Your assignment ::
Exactly the lines from the one containing "リターンズ」にチャレンジしよう! 1回500円でレアアイテムをGETできるチャンス。 ぜひ、この機会にお楽しみください!!" through the final line of the data below, with pictures omitted, make up the answer.

Material provided ::
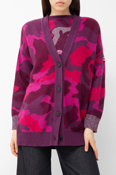 Эффектный женский кардиган ICEBERG из мягкого трикотажа на основе прочного синтетического износостойкого материала, фирменного нейлона, натуральной шерсти, фирменного кашемира, вискозного волокна и пряжи из шерсти ангорской козы (мохера) с оригинальным камуфляжным узором в розовых оттенках по всей поверхности изделия. Стильная удлиненная модель комфортного прямого кроя, с изящным V-образным вырезом горловины с фактурой в рубчик, длинными рукавами со спущенным плечом и серыми манжетами на резинке с заметным меланжем, удобной застёжкой на крупные контрастные роговые пуговицы и широкой манжетой снизу также с фактурой в рубчик. Фишка изделия: контрастная светло-розовая нашивка-патч с вышитой чёрной фирменной надписью бренда на левом рукаве. Превосходное дизайнерское решение, отличающее кардиган от остальных моделей - крупный яркий дизайнерский принт с Даффи Даком - персонажем мультсериала “LOONEY TUNES” на спинке сзади.
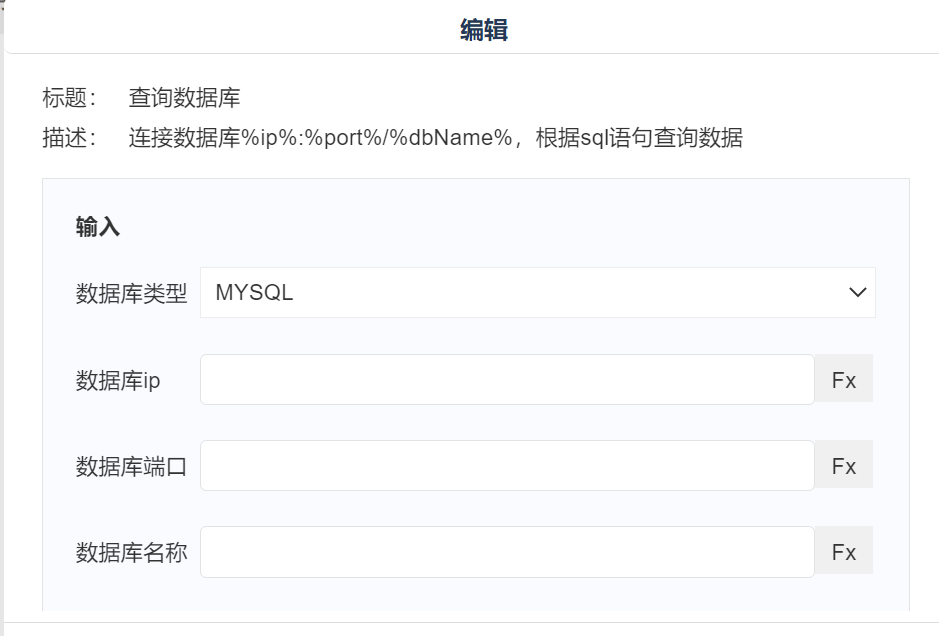 1)選擇數(shù)據(jù)庫類型; 2)輸入/選擇數(shù)據(jù)庫地址; 3)輸入/選擇數(shù)據(jù)庫用戶名; 4)輸入/選擇數(shù)據(jù)庫密碼; 5)輸入查詢語句; 6)輸入/選擇期望值; 7)定義輸出參數(shù)名稱; |
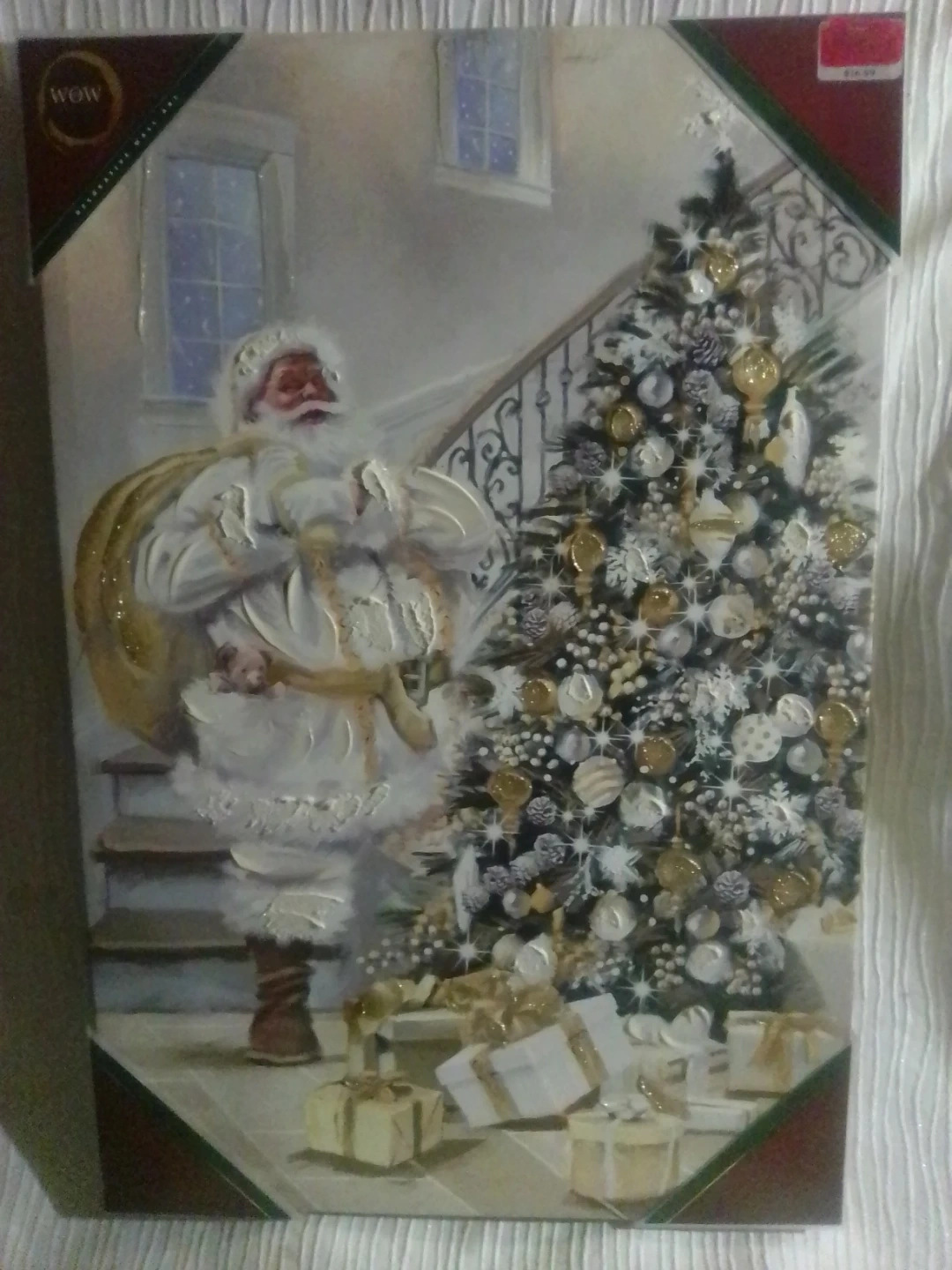 Selling a WOW decorative wall art piece featuring Santa and a Christmas tree. The original price tag shows $39.99. It's in great condition and ready to add some holiday cheer to your home!
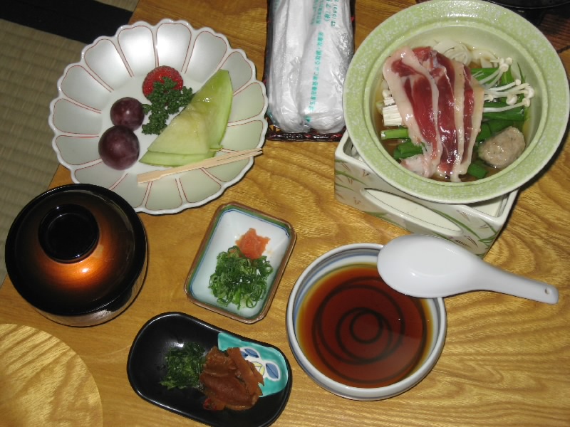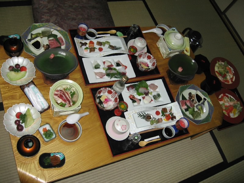その後は部屋でテレビをみながらのんびり過ごす。そして7時になり、お楽しみの夕食タイム。今回は部屋食だし、ゆっくりお酒を飲みながら楽しみましょう。刺身などの前菜系は種類が豊富でいい感じ。味多膳というこのプランのメインは、黒毛和牛をおろしたてのワサビで食べるもの。少し厚めの和牛の表面を軽く焼き、ワサビを添えていただく。うん、広がる肉汁とワサビの香りがいいね。付け合せのアロエが初めての食感でなかなかおもしろい。このあたりではポピュラーな食べ方のようだ。お酒を追加して、当然のごとく完食。全体的な感想として、ボリュームはちょうどいい。味もいい。ただ一つ、サラダのカニはいかにも冷凍ものという感じで、パサパサしていてこれだけはNG。なにも鹿児島の温泉宿で無理にカニを出さなくてもいいと思うのだが・・・
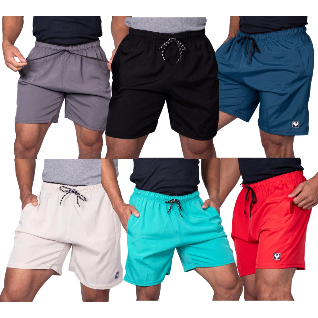 Kit 3 Short Tactel Masculino 3 Bolsos Elástico Cordão Liso Academia Bermuda Calção Musculação Calção
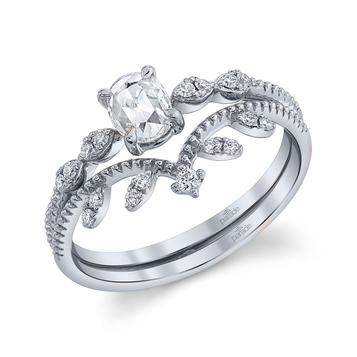 Unique yet elegant This rose-cut diamond bridal set features an oval center engagement ring with a sparkling diamond band and milgrain details set in 18k yellow gold. To complete the gorgeous look, a curved chevron diamond wedding band with matching milgrain detail is created to be paired with this oval rose-cut ring
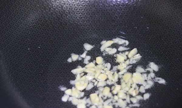 10、然後,在炒鍋內留有少許底油,油熱後放入蒜末,用鍋鏟翻炒出香味。
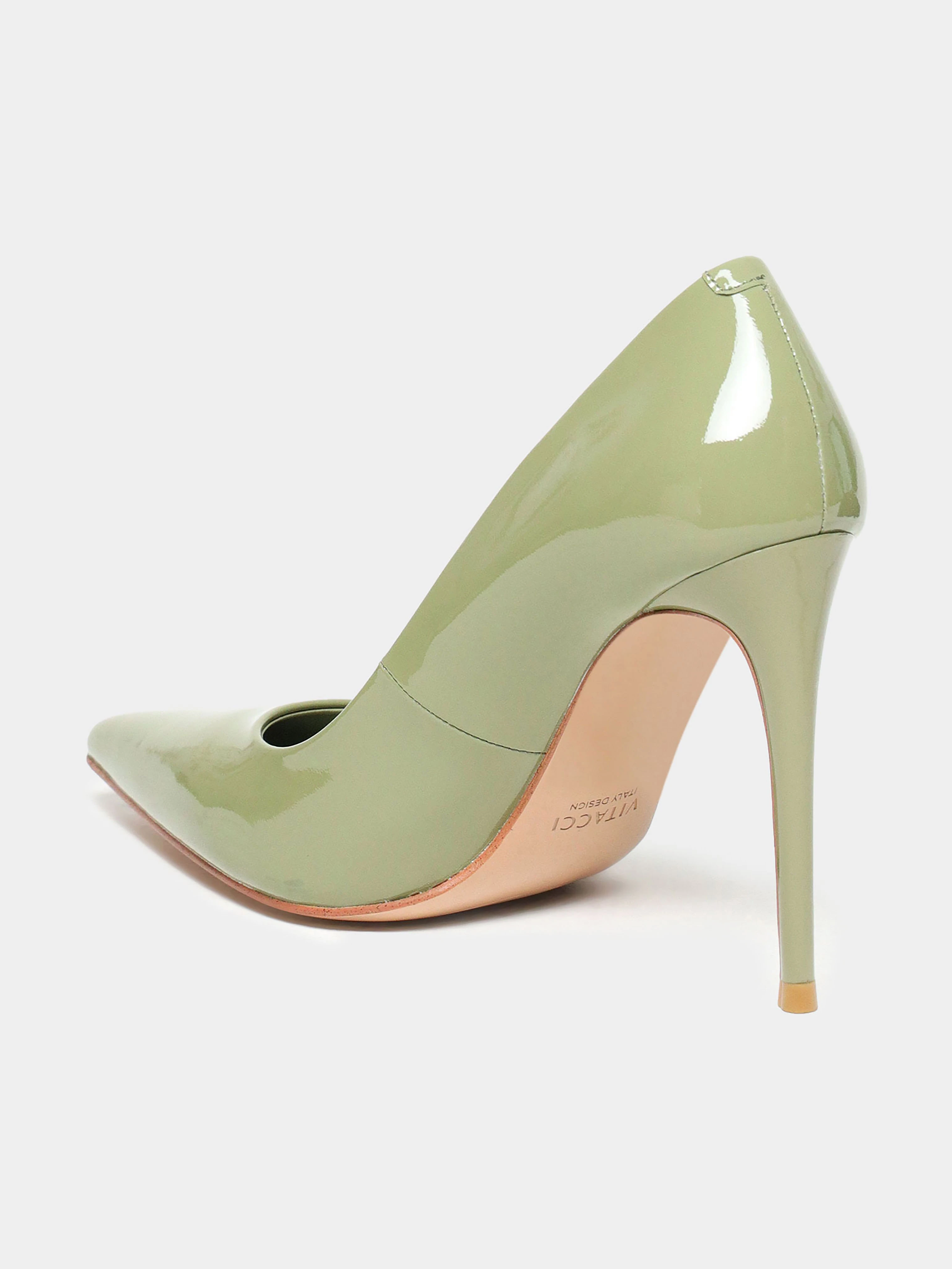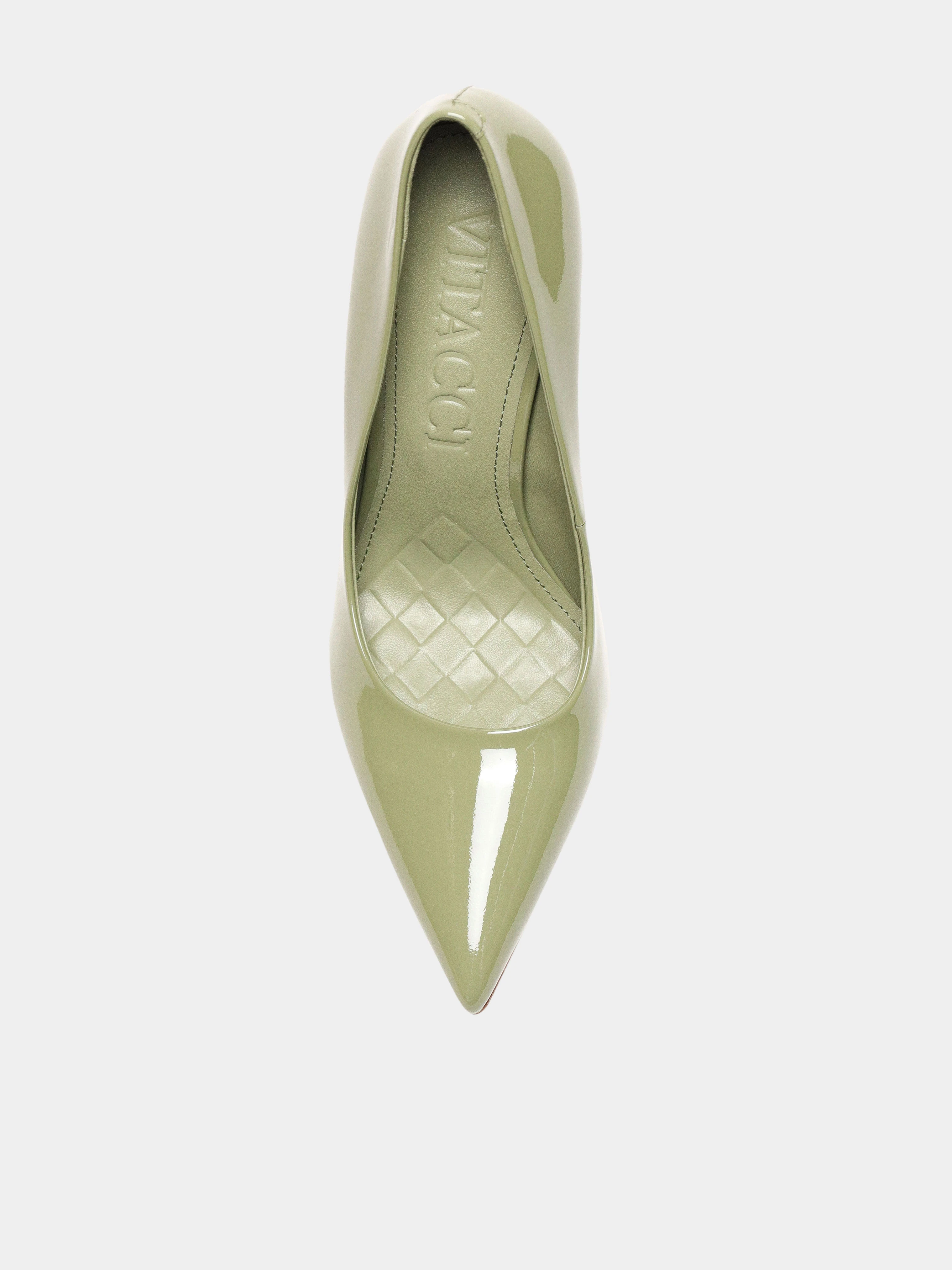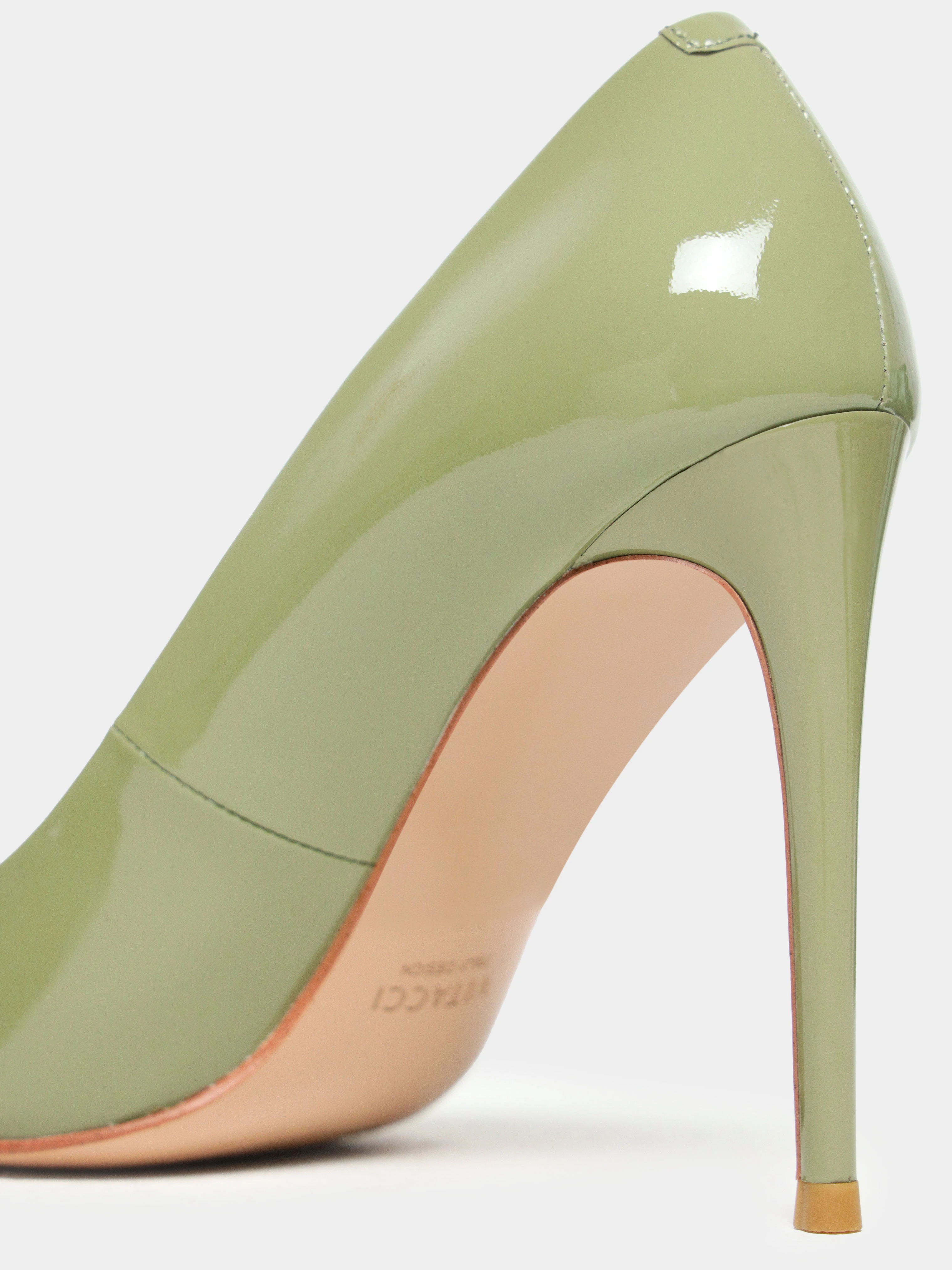 Туфли женские всесезонные, цвет хаки, натуральная лаковая кожа
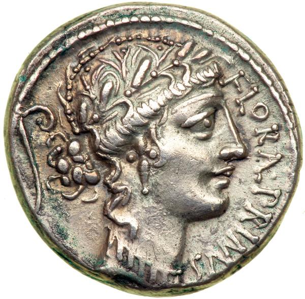 C. Servilius C.f., moneyer. AR Denarius minted at Rome, c. 57 BC. Head right of Flora wearing wreath of flowers; behind, lituus. Reverse: Two warriors approaching each other, holding upright short swords. Servilia 15; Cr. 423/1; Syd. 890. Well centered, Extremely Fine.
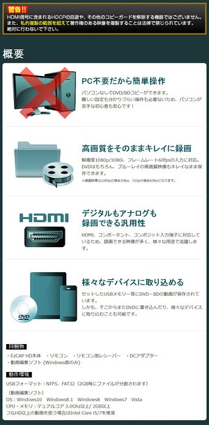 眉唾もので購入した。さっそく実家で、NHKの番組をポータブルブルーレイプレーヤーからファイルとして取り込んで(録画)してみた・・・駄目・・・・画面は緑で何も表示されず、ビデオファイルも緑で表示されない・・・・あれこれ設定を変えたり・・・・結局駄目だった。
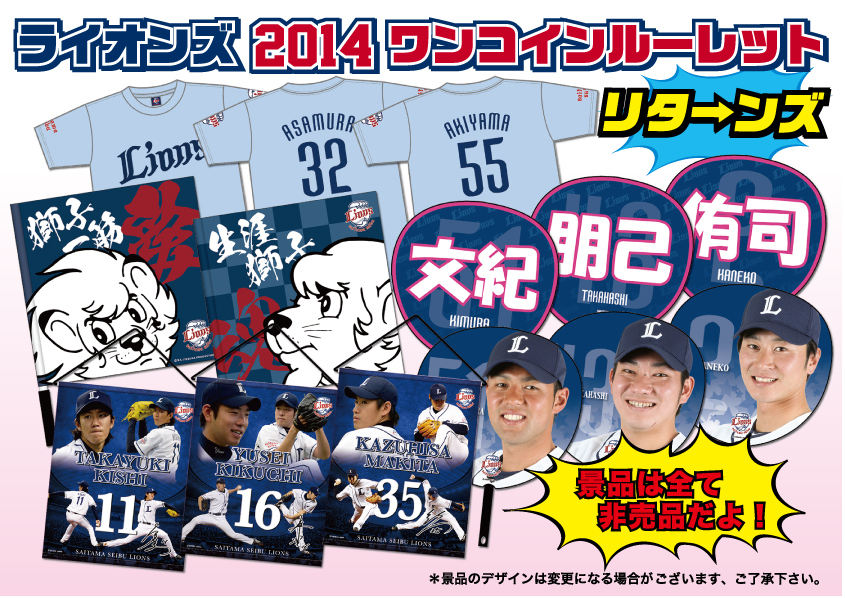 8月5日(火)~8月31日(日)の西武ドーム開催日は、魅力満載の豪華景品を狙って「ワンコインルーレット リターンズ」にチャレンジしよう! 1回500円でレアアイテムをGETできるチャンス。 ぜひ、この機会にお楽しみください!!
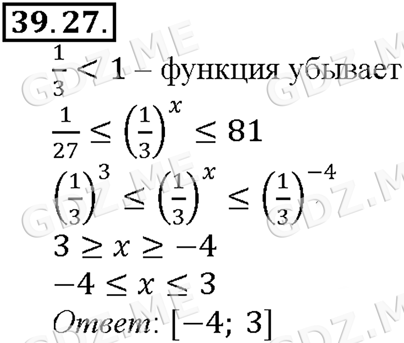 Подробный вариант решения из решебника (ГДЗ): Задание номер 39-27 (Глава 6 Степени и корни. Степенные функции. Глава 7 Показательная и логарифмическая функции. §39. Показательная функция, ее свойства и график) по предмету Алгебра, за 10 класс, авторы учебника Мордкович, Александрова.
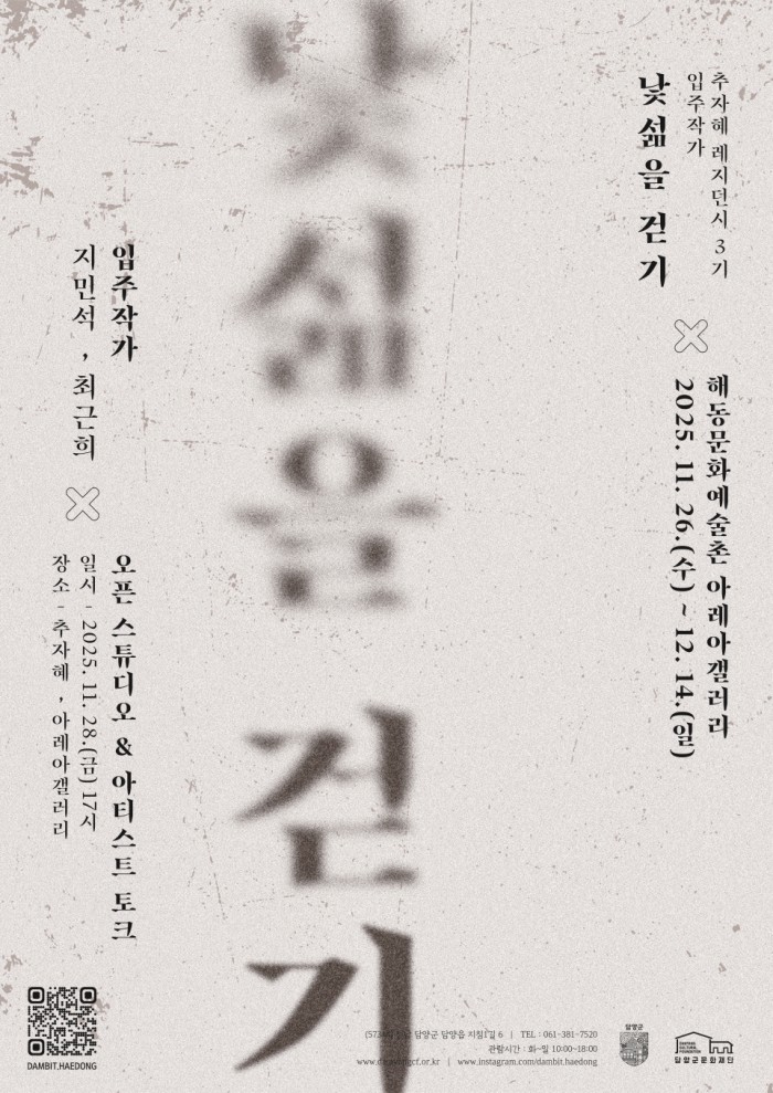 담양군문화재단(이사장 정철원, 이하 재단)은 추자혜 레지던시 3기 입주작가 결과발표전시 <낯섦을 걷기>가 오는 11월 26일부터 12월 14일까지 19일간 해동문화예술촌 아레아갤러리에서 열린다고 밝혔다.

Response area ::
 8月5日(火)~8月31日(日)の西武ドーム開催日は、魅力満載の豪華景品を狙って「ワンコインルーレット リターンズ」にチャレンジしよう! 1回500円でレアアイテムをGETできるチャンス。 ぜひ、この機会にお楽しみください!!
 Подробный вариант решения из решебника (ГДЗ): Задание номер 39-27 (Глава 6 Степени и корни. Степенные функции. Глава 7 Показательная и логарифмическая функции. §39. Показательная функция, ее свойства и график) по предмету Алгебра, за 10 класс, авторы учебника Мордкович, Александрова.
 담양군문화재단(이사장 정철원, 이하 재단)은 추자혜 레지던시 3기 입주작가 결과발표전시 <낯섦을 걷기>가 오는 11월 26일부터 12월 14일까지 19일간 해동문화예술촌 아레아갤러리에서 열린다고 밝혔다.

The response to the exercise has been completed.